Univariate Cox regression analysis revealed 29 ERGs significantly linked to the prognosis of LUAD, including 17 protective genes (hazard ratio (HR) < 1) and 12 risk genes (HR > 1) (Fig. 1A). Thereafter, consensus clustering analysis of these 29 prognostic ERGs classified two molecular subtypes (C1, C2) of LUAD at the consensus matrix k = 2 (Fig. 1B). PCA demonstrated clear separation between C1 and C2 subtypes (Fig. 1C), indicating the rationality of LUAD subtype classification. Furthermore, prognosis difference between two molecular subtypes was compared according to K-M curve. It was found that C2 subtype had a lower OS rate and poorer survival outcome than C1 subtype (Fig. 1D). In addition, in TCGA-LUAD cohort, compared to C1 subtype, C2 subtype had more male patients, and Stage III/IV, Pathologic_T2/T3, Pathologic_N2, Pathologic_M1, and ≤60 Age of LUAD patients (Fig. 1E).

Identifying the molecular subtypes of LUAD using efferocytosis-related genes (ERGs).

Figure 1: Identifying the molecular subtypes of LUAD using efferocytosis-related genes (ERGs).

(A) Univariate Cox regression analysis screened prognosis-related ERGs in the TCGA-LUAD cohort; (B) Consensus clustering heatmap of LUAD patients; (C) PCA plot of two LUAD molecular subtypes; (D) Kaplan–Meier (K-M) curves were plotted to display the overall survival (OS) between C1 and C2 subtypes; (E) Clinical features distribution of C1 and C2 in the TCGA-LUAD cohort.

WGCNA identified 823 key module genes associated with efferocytosis in LUAD

The ssGSEA showed a lower enrichment score of ERGs in LUAD samples than that in control samples (Fig. 2A). The optimal soft-thresholding power (β = 12) was determined based on a scale-free topology criterion (correlation coefficient R2 > 0.85) (Fig. 2B). Subsequently, eight co-expressed gene modules were classified by average-linkage hierarchical clustering analysis (height = 0.25, deepSplit = 2, minModuleSize = 10) (Fig. 2C). Module-trait relationship heatmap displayed that the magenta module had strongest correlation with ssGSEA score (cor = 0.83) and LUAD subtypes (cor = 0.69) (Fig. 2D). Thus, 823 genes in the magenta module were extracted as critical efferocytosis-related module genes in LUAD for subsequent analysis.

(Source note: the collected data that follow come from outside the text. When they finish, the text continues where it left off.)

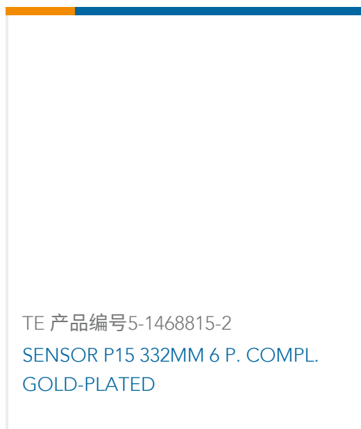
TE 产品编号5-1468815-2 SENSOR P15 332MM 6 P. COMPL. GOLD-PLATED
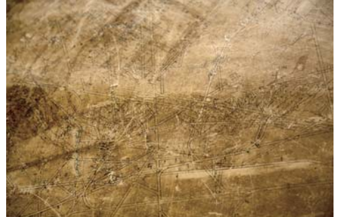
赤平炭鉱坑内模式図(部分)
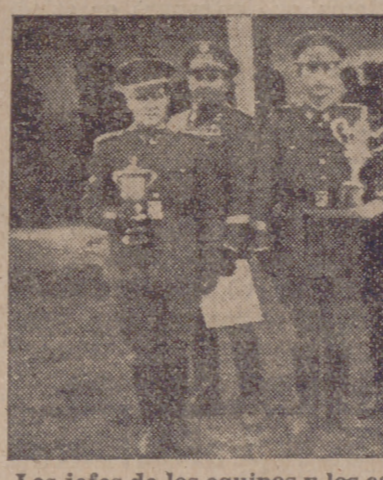
Los jefes de los equipos y los campeones que resultaron clasificados en los primeros puestos, con los trofeos ganados.

El general Palenzuela y las demás autoridades presentes felicitaron a los participantes los cuales, antes de verificarse el reparto de premios hicieron unas exhibiciones que fueron muy del agrado de las expresadas personalidades.
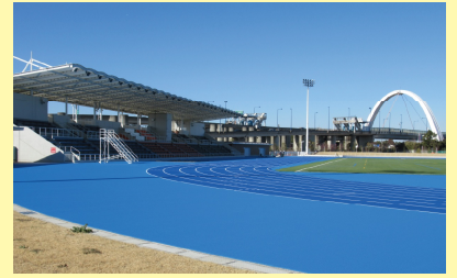
▲ 南側から見た陸上競技場

3月25日(日)に開園の際には、オープニングセレモニーが行われます。湘南地区からは、柳島神輿会、中島中学校の吹奏楽部が参加し、セレモニーを盛り上げる事が企画されています。
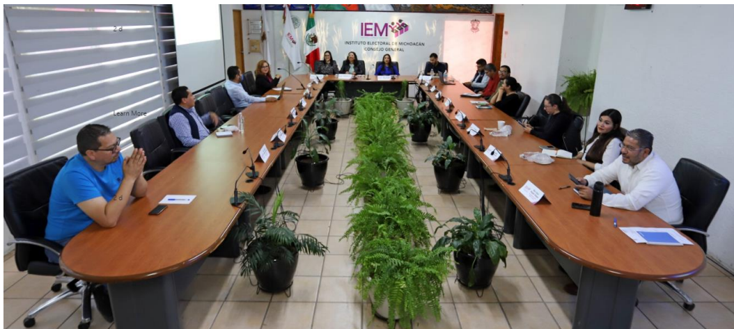
Reunión de Trabajo 21 de noviembre de 2023
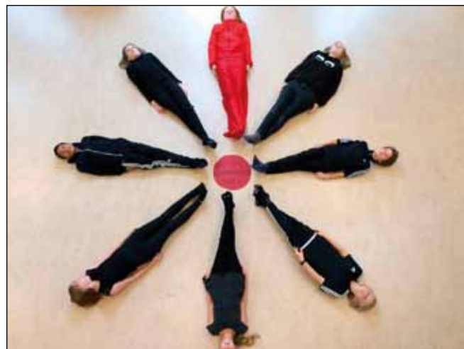
6. klasse lavede denne fine blomst i forbindelse med Knæk Cancer-kampagnen.

Recognizing the critical module genes related to efferocytosis in LUAD by WGCNA.

Figure 2: Recognizing the critical module genes related to efferocytosis in LUAD by WGCNA.

(A) Enrichment score of ERGs in LUAD samples and control samples calculated by ssGSEA; ****p < 0.0001; (B) Screening of the optimal soft threshold power ( ) to develop a scale-free network; (C) Clustering dendrogram according to topological overlap matrix (TOM); (D) Module-trait relationships between ssGSEA score, LUAD subtypes and modules.

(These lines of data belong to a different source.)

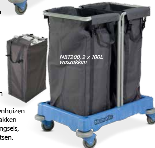
NBT200, 2 x 100L waszakken

Twin Bags Er zijn 101 toepassingen waar mobiele waszakwagens kunnen worden toegepast, bijvoorbeeld in ziekenhuizen en verzorgingstehuizen. De grijze waszakken zijn voorzien van sluitingen en draaghengsels, waardoor ze gemakkelijk zijn te verplaatsen.
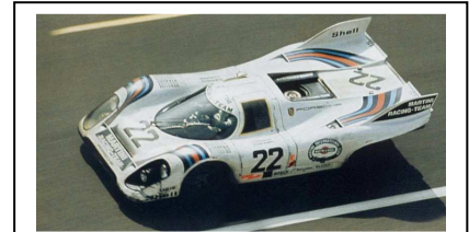
1971 Le Mans
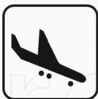
Figura II 118 Art. 125 ARRIVI
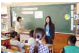
指導者2人によるきめ細やかな算数指導
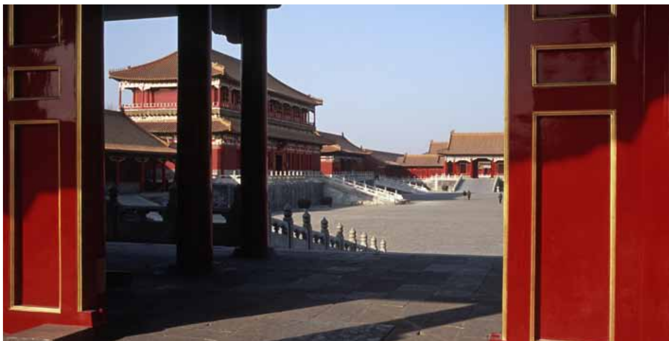
Et af højdepunkterne under et besøg i Beijing er Gugong, Den Forbudte By, hvor kejserfamilien boede.

Hoved-stadion'et, "Fuglereden", designet af Herzog og De Meuron, bød på den flotteste olympiske åbningsceremoni til dato. Bygningsværket er i sig selv en arkitektonisk seværdighed. Det 330 meter lange, 220 meter brede og 62 meter høje stadion kan rumme 80.000 tilskuere. Tæt ved ligger det ikke mindre interessante Nationale Svømmestadion. Det er designet af et australsk firma,
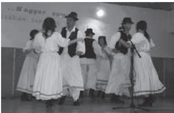
A táncegyüttes határmenti táncokkal színesítette a programot.
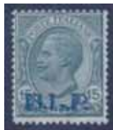
Esemplare nuovo da cent. 15 con soprastampa ardesia. (E)
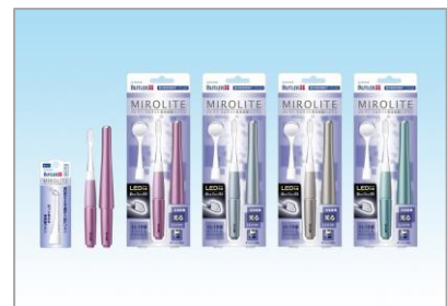
バトラー ミロライト音波振動ハブラシ

A total of 601 candidate ERGs in LUAD were mainly implicated in immune-relevant pathways

A sum of 1,593 DEGs between subtypes C1 and C2 were screened (p.adj < 0.05 and |log2FC| > log2) and visualized into a volcano plot (Fig. 3A). Then, 601 genes in the intersection between the 1,593 DEGs and 823 module genes were considered as the candidate ERGs in LUAD (Fig. 3B). Hereafter, KEGG enrichment analysis revealed that cytokine-cytokine receptor interaction, cell adhesion molecules (CAMs), chemokine signaling pathway, etc. were the primary pathways enriched by the 601 candidate genes (Fig. 3C). GO-BP enrichment analysis demonstrated that these genes were principally implicated in the regulation of lymphocyte activation and leukocyte activation, leukocyte differentiation, T cell activation, etc. (Fig. 3D). Collectively, these results suggested that the 601 candidate ERGs might be closely implicated in the inflammation and immune-relevant pathways.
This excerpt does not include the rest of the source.